The reply should be an exact repeat of the listing, with no pictures in it.

- _Dataset section_
_____

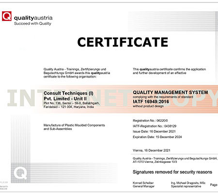 Consult Techniques Products has been one of the leading manufacturers and suppliers of moulded plastic components.
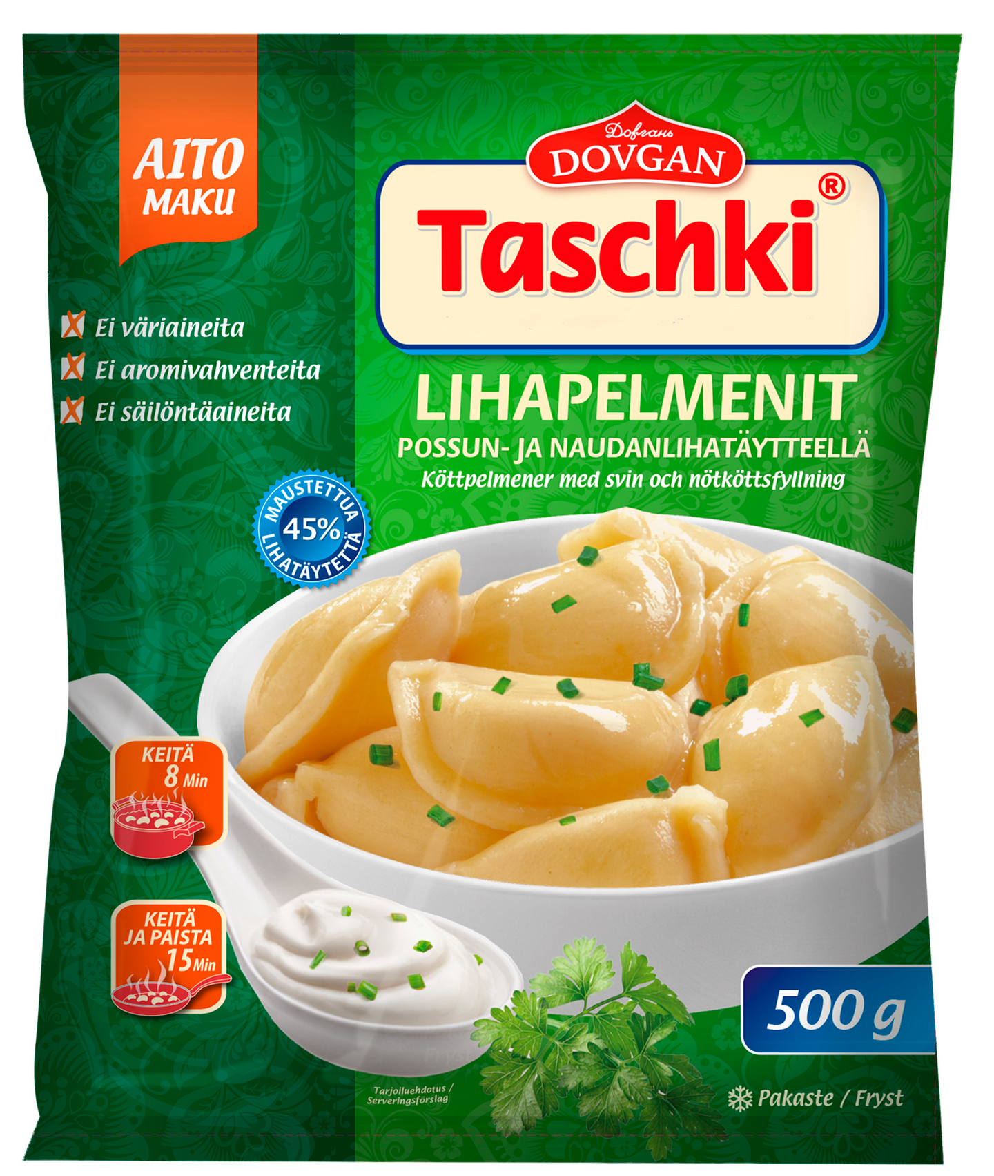 Taschki-pelmenit ovat täysin lisäaineettomia eivätkä sisällä keinotekoisia aromeja, aromivahventeita, väri- tai säilöntäaineita. Kaikki Taschki-pelmenit on valmistettu korkealaatuisista raaka-aineista.
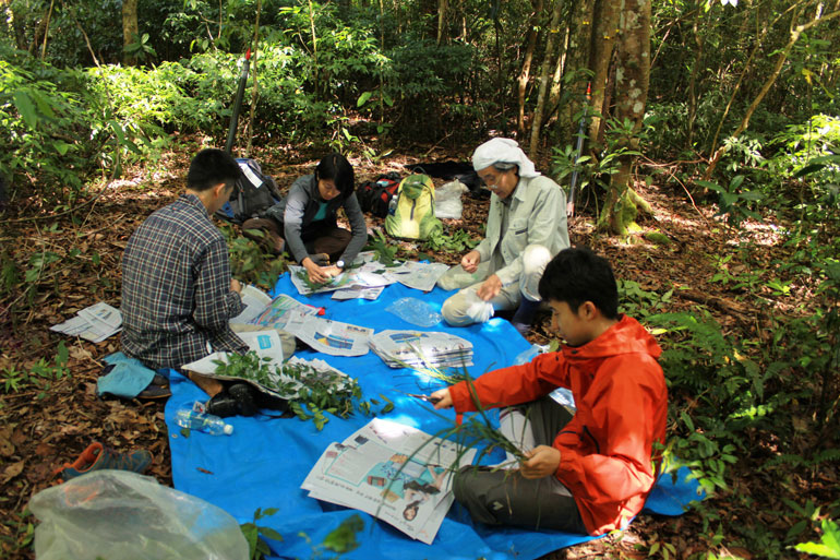 Các chuyên gia thu thập mẫu thực vật trong rừng. Ảnh: Vườn Quốc gia Biduop - Núi Bà cung cấp |
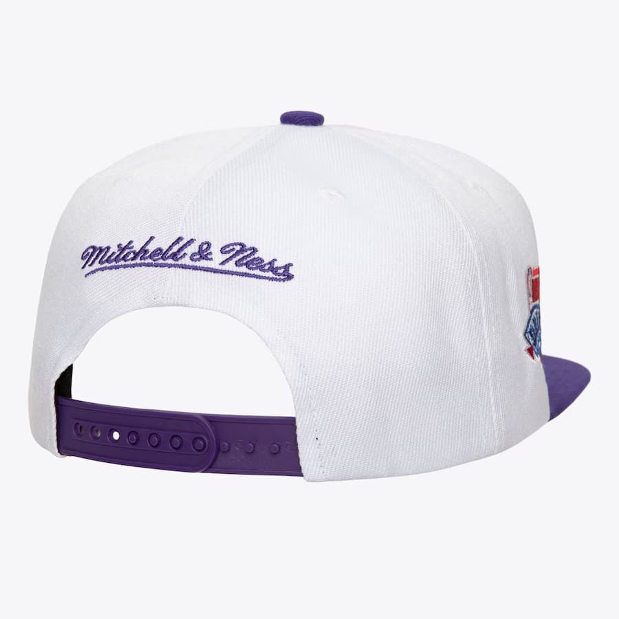 Белая бейсболка с фиолетовыми акцентами Mitchell & Ness White Los Angeles Lakers 1996 NBA Draft Hardwood Classics Snapback Hat в ретро-стиле имеет застежку-защелку сзади для регулировки, вышитый логотип команды Лэйкерс, бренда Mitchell & Ness сзади и прямой козырек для максимального стиля. Бейсболка выполнена из 100% хлопка с зеленой нижней частью козырька.

_____

- _Output_
 Consult Techniques Products has been one of the leading manufacturers and suppliers of moulded plastic components.
 Taschki-pelmenit ovat täysin lisäaineettomia eivätkä sisällä keinotekoisia aromeja, aromivahventeita, väri- tai säilöntäaineita. Kaikki Taschki-pelmenit on valmistettu korkealaatuisista raaka-aineista.
 Các chuyên gia thu thập mẫu thực vật trong rừng. Ảnh: Vườn Quốc gia Biduop - Núi Bà cung cấp |
 Белая бейсболка с фиолетовыми акцентами Mitchell & Ness White Los Angeles Lakers 1996 NBA Draft Hardwood Classics Snapback Hat в ретро-стиле имеет застежку-защелку сзади для регулировки, вышитый логотип команды Лэйкерс, бренда Mitchell & Ness сзади и прямой козырек для максимального стиля. Бейсболка выполнена из 100% хлопка с зеленой нижней частью козырька.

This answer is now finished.